ISLAMABAD: A decision on nearly $6 billion worth of short-term debt that Pakistan is required to return before June will play a role in determining the size of the next bailout package from the International Monetary Fund (IMF) as repayments will increase the country’s immediate financing requirements by the same amount.
A meeting between Prime Minister Imran Khan and IMF Managing Director Christine Lagarde has rekindled hopes of an early IMF deal. But both the sides have to settle many issues before an agreement is signed, including the treatment of short-term external debt, according to people privy to these negotiations.
The rollover of short-term debt, largely Chinese, will keep overall size of the IMF programme at the lower end. The short-term debt raises more concern about debt sustainability and its rollover will also address the issue that the IMF money will not be used to repay Chinese loans.
Meanwhile, the IMF has appointed a new mission chief to Pakistan after incumbent chief Harald Finger completed his extended term. In place of Finger, the IMF has appointed Ernesto Ramirez Rigo as the new mission chief.
Ramirez – a Spanish national – will take charge of his new assignment next month. Ramirez was heading the IMF mission in Russia and has a vast experience.
IMF Resident Representative Teresa Daban confirmed the appointment of the new mission chief. She said it was a routine posting.
Finger had negotiated the last Pakistan-IMF three-year programme. The IMF had earlier replaced the resident representative, but decided to keep Finger for some time aimed at ensuring continuity.
Finger is going to take charge of Division Chief of the Asia-Pacific Department of the IMF.
PM Khan and Lagarde on Sunday met on the sidelines of the World Government Summit. The IMF head urged Pakistan to take decisive action for qualifying for the programme.
Daban told The Express Tribune that so far no programme-related mission was scheduled to visit Pakistan. But she said the mission would be dispatched once a request was made.
Finance Minister Asad Umar clarified on Monday that PM Khan’s meeting with Lagarde was not a negotiating round and no deal was reached between the two sides.
The IMF is not satisfied with the previous increase in electricity and gas prices and is seeking further rise in tariffs, according to the sources. The IMF has also demanded a complete and meaningful free float of the exchange rate, which the government is not ready to accept.
The third major area is the fiscal policy as despite presenting two supplementary budgets, the budget deficit is expected to remain around last year’s level of 6.6% of gross domestic product. The sources said the IMF was also asking for a permanent solution to the circular debt and commodity operations, estimated at over Rs2 trillion.
Over the past few years, Pakistan has heavily banked on short-term expensive foreign loans to meet its external financing needs. According to a presentation given by the finance ministry to the prime minister last year, about $5.6 billion worth of short-term debt was maturing in the current fiscal year.

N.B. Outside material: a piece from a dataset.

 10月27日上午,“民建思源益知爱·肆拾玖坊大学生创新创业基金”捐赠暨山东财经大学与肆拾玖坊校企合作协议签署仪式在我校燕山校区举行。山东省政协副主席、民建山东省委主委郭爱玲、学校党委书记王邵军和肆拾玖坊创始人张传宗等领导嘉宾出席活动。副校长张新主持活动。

The short-term debt was over and above the $7-billion medium and long-term debt, which was also maturing this fiscal year. This brings total debt-related repayments to $12.6 billion in the year.
“Fresh external inflows are expected to cover adequately the short-term external debt obligations,” said Dr Najeeb Khaqan, the spokesman and Adviser to the Finance Ministry while talking to The Express Tribune.

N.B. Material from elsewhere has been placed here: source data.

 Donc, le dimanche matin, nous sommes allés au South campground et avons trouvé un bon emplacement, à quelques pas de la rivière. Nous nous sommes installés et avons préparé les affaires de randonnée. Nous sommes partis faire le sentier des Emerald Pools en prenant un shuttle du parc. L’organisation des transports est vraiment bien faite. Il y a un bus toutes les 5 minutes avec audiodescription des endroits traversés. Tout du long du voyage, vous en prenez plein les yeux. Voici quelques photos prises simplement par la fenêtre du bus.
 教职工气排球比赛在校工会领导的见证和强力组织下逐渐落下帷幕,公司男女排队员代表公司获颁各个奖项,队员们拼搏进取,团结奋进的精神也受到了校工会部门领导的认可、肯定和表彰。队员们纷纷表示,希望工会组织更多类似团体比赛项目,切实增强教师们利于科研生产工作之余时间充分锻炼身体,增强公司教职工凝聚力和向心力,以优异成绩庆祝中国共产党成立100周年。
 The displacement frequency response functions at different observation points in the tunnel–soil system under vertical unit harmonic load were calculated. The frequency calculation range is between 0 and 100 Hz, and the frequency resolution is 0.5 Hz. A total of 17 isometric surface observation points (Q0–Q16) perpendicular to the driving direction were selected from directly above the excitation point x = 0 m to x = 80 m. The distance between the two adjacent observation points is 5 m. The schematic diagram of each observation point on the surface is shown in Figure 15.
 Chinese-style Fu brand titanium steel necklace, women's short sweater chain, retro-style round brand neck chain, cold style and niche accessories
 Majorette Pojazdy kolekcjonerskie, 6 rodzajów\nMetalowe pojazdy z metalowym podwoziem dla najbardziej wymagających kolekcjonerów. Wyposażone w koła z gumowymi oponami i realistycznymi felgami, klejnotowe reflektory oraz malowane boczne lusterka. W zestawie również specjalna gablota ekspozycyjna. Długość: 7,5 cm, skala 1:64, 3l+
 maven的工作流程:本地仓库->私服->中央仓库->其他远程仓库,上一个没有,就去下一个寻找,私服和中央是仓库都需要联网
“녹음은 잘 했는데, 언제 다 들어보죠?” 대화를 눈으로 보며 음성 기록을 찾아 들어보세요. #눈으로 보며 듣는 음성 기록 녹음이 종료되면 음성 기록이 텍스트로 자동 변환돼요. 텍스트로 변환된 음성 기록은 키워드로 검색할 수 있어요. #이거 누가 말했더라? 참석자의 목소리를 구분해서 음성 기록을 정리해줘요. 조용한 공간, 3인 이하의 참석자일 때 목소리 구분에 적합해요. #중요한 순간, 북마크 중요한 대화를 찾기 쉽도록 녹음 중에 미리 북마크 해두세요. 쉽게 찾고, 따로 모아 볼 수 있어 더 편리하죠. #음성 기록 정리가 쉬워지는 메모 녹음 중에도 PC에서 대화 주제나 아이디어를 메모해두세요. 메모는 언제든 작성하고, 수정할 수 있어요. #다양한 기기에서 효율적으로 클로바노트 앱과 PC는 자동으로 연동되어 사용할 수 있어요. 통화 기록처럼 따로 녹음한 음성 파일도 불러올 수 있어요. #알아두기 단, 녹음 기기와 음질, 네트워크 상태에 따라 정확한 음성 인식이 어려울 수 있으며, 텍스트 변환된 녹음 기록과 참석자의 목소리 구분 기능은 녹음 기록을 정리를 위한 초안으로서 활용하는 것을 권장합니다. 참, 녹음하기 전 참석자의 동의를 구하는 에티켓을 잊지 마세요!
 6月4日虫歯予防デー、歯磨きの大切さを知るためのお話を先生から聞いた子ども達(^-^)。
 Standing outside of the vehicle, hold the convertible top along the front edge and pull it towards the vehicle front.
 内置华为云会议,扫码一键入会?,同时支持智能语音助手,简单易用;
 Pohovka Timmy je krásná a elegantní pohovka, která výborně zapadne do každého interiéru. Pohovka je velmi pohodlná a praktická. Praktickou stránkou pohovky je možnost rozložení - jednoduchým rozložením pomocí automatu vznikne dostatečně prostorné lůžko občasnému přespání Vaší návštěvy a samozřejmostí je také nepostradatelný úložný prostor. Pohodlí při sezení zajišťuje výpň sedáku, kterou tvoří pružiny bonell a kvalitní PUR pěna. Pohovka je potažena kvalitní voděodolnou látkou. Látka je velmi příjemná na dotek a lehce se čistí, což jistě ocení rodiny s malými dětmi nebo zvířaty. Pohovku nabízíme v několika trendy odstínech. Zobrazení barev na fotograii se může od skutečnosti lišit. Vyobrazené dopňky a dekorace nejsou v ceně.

Khaqan said the arrangements were also in place to ensure that commercial borrowings and bilateral payments are “refinanced or rolled over”. His reply suggests that technically Pakistan will not be repaying its short-term debt, which will help keep the size of IMF programme relatively low.
Another factor is the nature of the programme and a short-term standby arrangement will allow the IMF to give more loans compared with a three-year Extended Fund Facility (EFF). But given the deep-rooted structural problems, the IMF is likely to give the EFF, subject to an agreement on prior actions.

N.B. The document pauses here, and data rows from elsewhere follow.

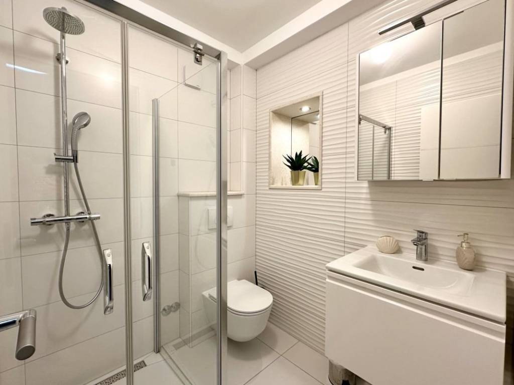 An exceptional stone house located in the charming village of Sutivan on the island of Brač. This delightful property offers 90 m² of living space spread across three floors, combining traditional architecture with modern design. Built with high-quality materials and meticulously maintained, the house ensures durability and top-notch functionality.The ground floor has a separate entrance and is designed as a functional studio apartment, providing privacy or potential for tourist rental. The second and third floors are connected by an internal staircase. The second floor features a spacious living room, a fully equipped kitchen, and a modern bathroom, while the third floor is dedicated to a cozy bedroom with an en-suite bathroom and access to a beautiful terrace. The house features a private parking space and an additional room designed as a laundry area and a small storage space, ensuring extra functionality and convenience. Located just a few minutes’ walk from the town center and the waterfront, this property offers everything needed for a relaxed and high-quality island lifestyle or as an investment in tourism.
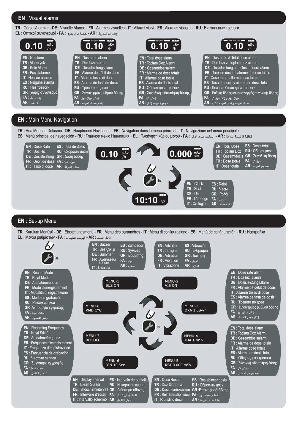 * Audio, Vibrating and Visual Dose and Dose Rate Alarm
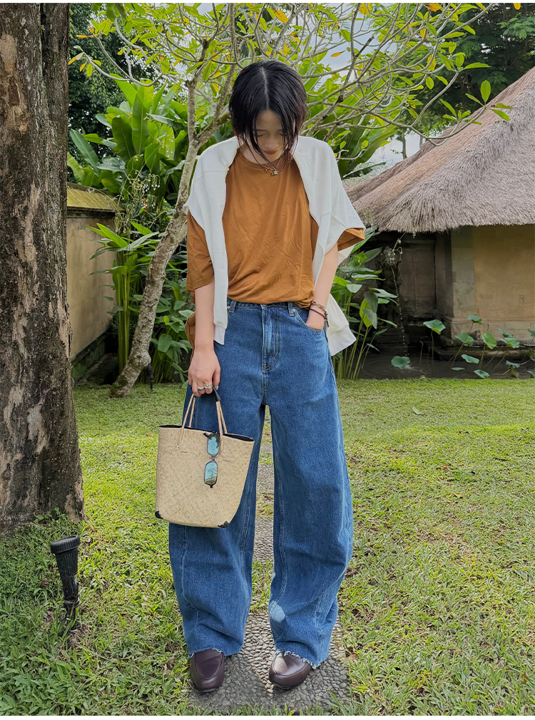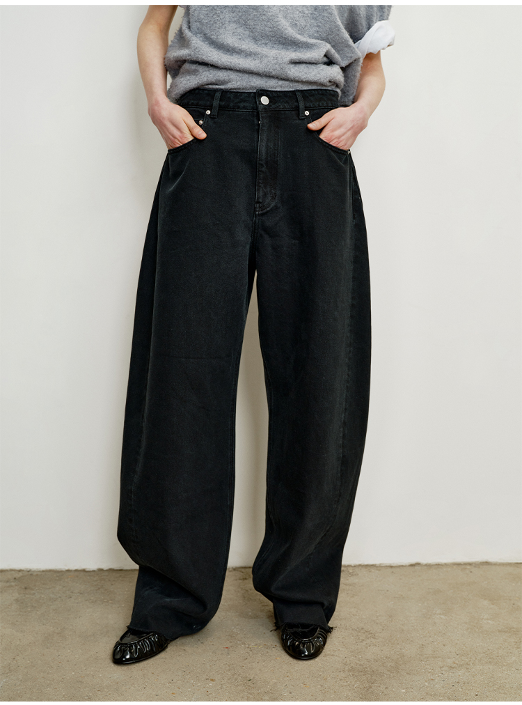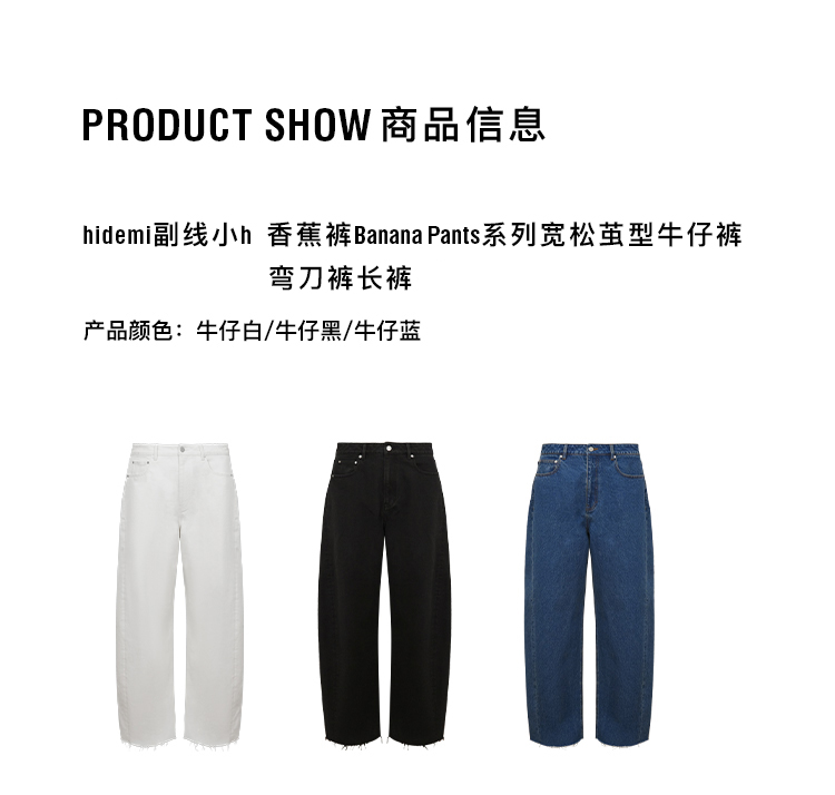 hidemi副线小h 香蕉裤Banana Pants系列宽松毛边茧型牛仔裤弯刀裤长裤

The finance ministry adviser said in order to meet external debt-related obligations, the government had already expedited multilateral and bilateral project loans for fiscal year 2018-19, which would ensure increased inflows.
Khaqan said the multipronged approach was to ensure that debt servicing was adequately handled and the inflows as well as oil facilities created further buffers to ease the balance of payments pressure.
Published in The Express Tribune, February 12th, 2019.